Insight

Building the Case for Halbig v. Burwell: What States Knew

Executive Summary

At the heart of Halbig v. Burwell[1] and the series of cases that are following it through the federal court system is an attempt to understand what state and federal legislators were thinking last year, two years ago, even four years ago when  the Affordable Care Act (ACA) passed. While many experts and lawyers in this case have hypothesized about Congress’ intent, contrary to the claims of the Government, at least one establishing and one non-establishing state understood the language of the statute to condition subsidies on state establishment of Exchanges when they made their determination on whether to establish an Exchange. Furthermore, this understanding was timely in the chronology of ACA implementation.

Introduction

Halbig and its sister cases attempt to settle the question: if the ACA explicitly says that premium subsidies are only available in “an Exchange established by the State under Section 1311,”[2] does the Internal Revenue Service (IRS) have the authority to offer those subsidies to individuals who purchase their insurance in an Exchange established by the Secretary of Health and Human Services (HHS) under Section 1321 of the ACA?

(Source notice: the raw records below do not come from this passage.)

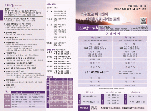 2018년 12월 23일 주보 페이지 정보 작성자 관리지기 작성일18-12-22 12:09 조회9,791회 댓글0건 관련링크 목록 본문 [2018년 12월 23일 주보] 댓글목록 등록된 댓글이 없습니다. 목록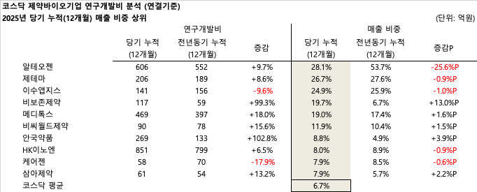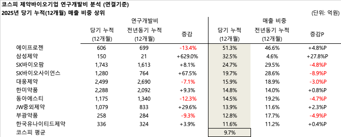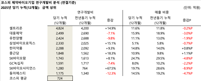 약업닷컴이 상장 제약·바이오 기업(코스피 41개사, 코스닥 45개사)의 2025년 누적 연구개발비를 분석한 결과, 코스피 제약·바이오 41개사의 2025년 누적 평균 연구개발비는 전년 동기 대비 6.7% 증가한 724억원(매출 비중 9.7%)을 기록했다.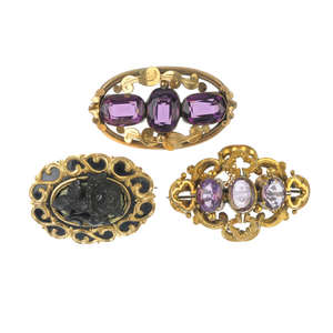 To include a cross pendant with diamond shape engravings front and back, together with an oval brooch, the three purple pastes collet-set through the centre, to the scrolling accents and plain surround. Lengths 2.1 to 6cms. Weight 131.3gms.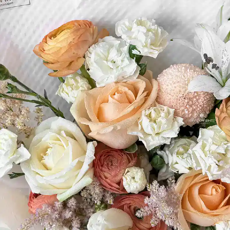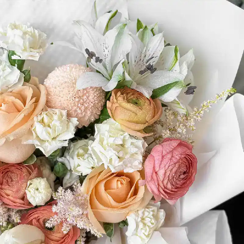 Every petal matters. That’s why we examine each bloom closely and remove even the slightest imperfections. From trimming stems to arranging the wrapping, we ensure that the Soft Pastel Bouquet arrives flawless. When you choose White On White florist, you’re not just gifting a flower bouquet, you’re gifting perfection.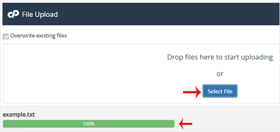 5. Click on Select File and choose the file you want to upload from your computer. Click open and the upload process will begin. You can also drag and drop files from your computer in the upload box.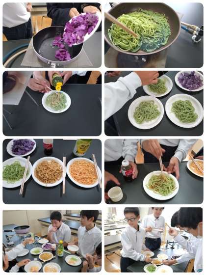 今日は紫キャベツのを使って、酸性中性アルカリ性で「色が変わる焼きそば」の実験をしました。引退した3年生も数名来てくれて、賑やかに活動できました。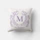 Elegant Vintage Violet Floral Crest Monogram Throw Pillow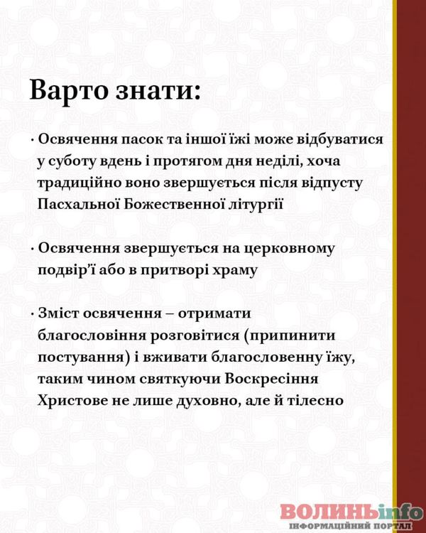 Пам’ятайте, що великодні кошики з паскою – це символ любові до ближніх, і ми складаємо святковий кошик, найперше, щоби розділити його з ближніми. Якщо у вас є можливість – допоможіть воїнам і переселенцям, самотнім і нужденним не залишитись без святкової трапези, поділіться з ними великодньою радістю, долучившись до різноманітних соціальних ініціатив, благодійності, волонтерства. Це стане доброю можливістю для правдивого служіння, адже милостивий Господь завжди спiшить допомагати нужденним, зокрема, і через кожного з нас.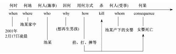 我们认为,庭审叙事是对过去发生过的事件的叙述,因此属于叙述式语篇,叙述式语篇的图式要素是时间、地点、人物、事件、方式等,其结构是以事件的起因、发展和结果为脉络的。因此在庭审叙事的内容上我们采用故事图式(描写原型故事及其变异的图式。“它识别构成故事的单元、这些单元的顺序、以及特别容易出现在单元之间的各种连接”),在形式上我们采用形式图式(涉及与语言应用形式有关的知识)。下面我们将以“故意杀人”为例来说明庭审叙事中的故事图式构建。
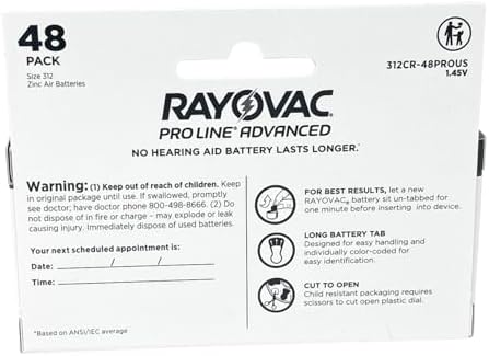 Rayovac Proline Advanced Hearing Aid Batteries | Size 312 | World's Longest Lasting Battery | Child-Resistant Packaging (48)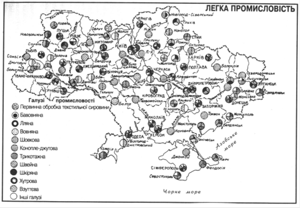 Легка промисловість є однією із найважливіших галузей витобництва непродовольчих товарів (див. на картосхему), яка забезпечує населення тканинами, одягом, взуттям тощо, а промисловість – кордом, технічними тканинами та ін.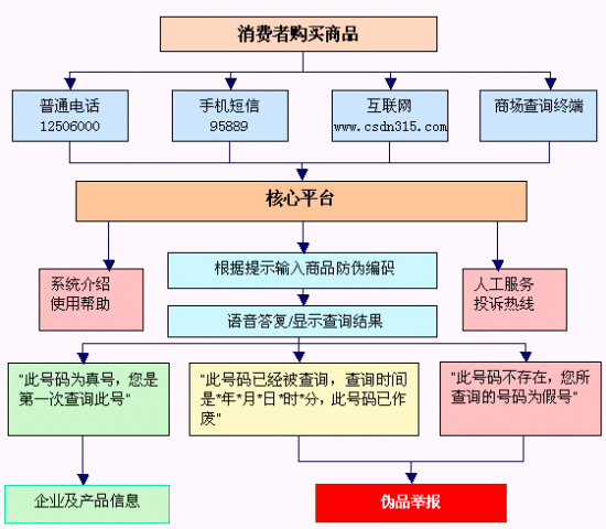 在國(guó)家計(jì)委和國(guó)務(wù)院信息辦的直接領(lǐng)導(dǎo)下,以及在質(zhì)檢、工商、醫(yī)藥等職能部門的配合下,國(guó)家信息中心正式啟動(dòng)國(guó)家級(jí)防偽工程 -- 數(shù)碼防偽公共服務(wù)系統(tǒng)建設(shè)。該系統(tǒng)綜合利用了當(dāng)前最先進(jìn)的技術(shù),集CTI技術(shù)、語(yǔ)音技術(shù)、網(wǎng)絡(luò)通信技術(shù)、計(jì)算機(jī)加密技術(shù)、以及大型數(shù)據(jù)庫(kù)技術(shù)于一體,服務(wù)于產(chǎn)品防偽和打假,支持企業(yè)采用現(xiàn)代信息技術(shù)開展防偽工作,提高防偽效能,并為廣大消費(fèi)者提供安全和質(zhì)量的保障。
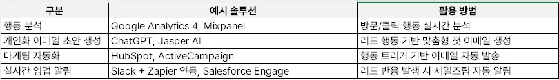 3) 리드 반응률 추적 및 최적화 → 오픈율/클릭율 데이터 트래킹 후 톤과 CTA 튜닝. 답변 유도보단 '추가 자료 제공' 어조로 첫 접촉 구성 시 반응률 증가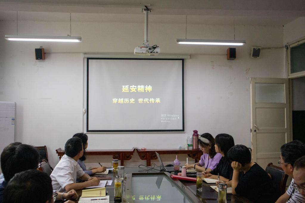 在党史专题学习中,与会人员共同观看了《延安精神:穿越历史 世代传承》微党课视频,感受延安精神传承出的伟大力量和宝贵精神财富。杨行玉结合党史学习专题,领学了习近平同志《论中国共产党历史》相关篇目,着重从“继续从延安精神中汲取力量”进行原原本本地学习,纪检委员、汉语言文学系主任李婷从文学作品的视角带领学习贺敬之诗歌《回延安》,声情并茂的朗诵使与会人员对延安精神有了更深刻的理解。

 The government in Halbig argues that the IRS does have this power because, while the phrase “established by the State under Section 1311” is itself quite clear, its meaning is obscured by the general intent of the 906 page law: i.e.—to make care ‘affordable.’[3] The plaintiffs contend, in part, that it was perfectly within reason that Congress intended to limit subsidies only to Exchanges “established by the State under Section 1311,” not to make insurance unaffordable for citizens of states that did not establish Exchanges, but to create an incentive to encourage them to do so.[4]

Evidence to shore up this claim has thus far been difficult to find. This weakness in the plaintiffs’ case was questioned by Judge Edwards within minutes of commencing oral arguments in the DC Circuit: “How did all the states miss this? […] Indeed one of the brief’s points is that no state made the equation that the availability of subsidies was a factor in deciding whether to create an exchange. No one.”[5]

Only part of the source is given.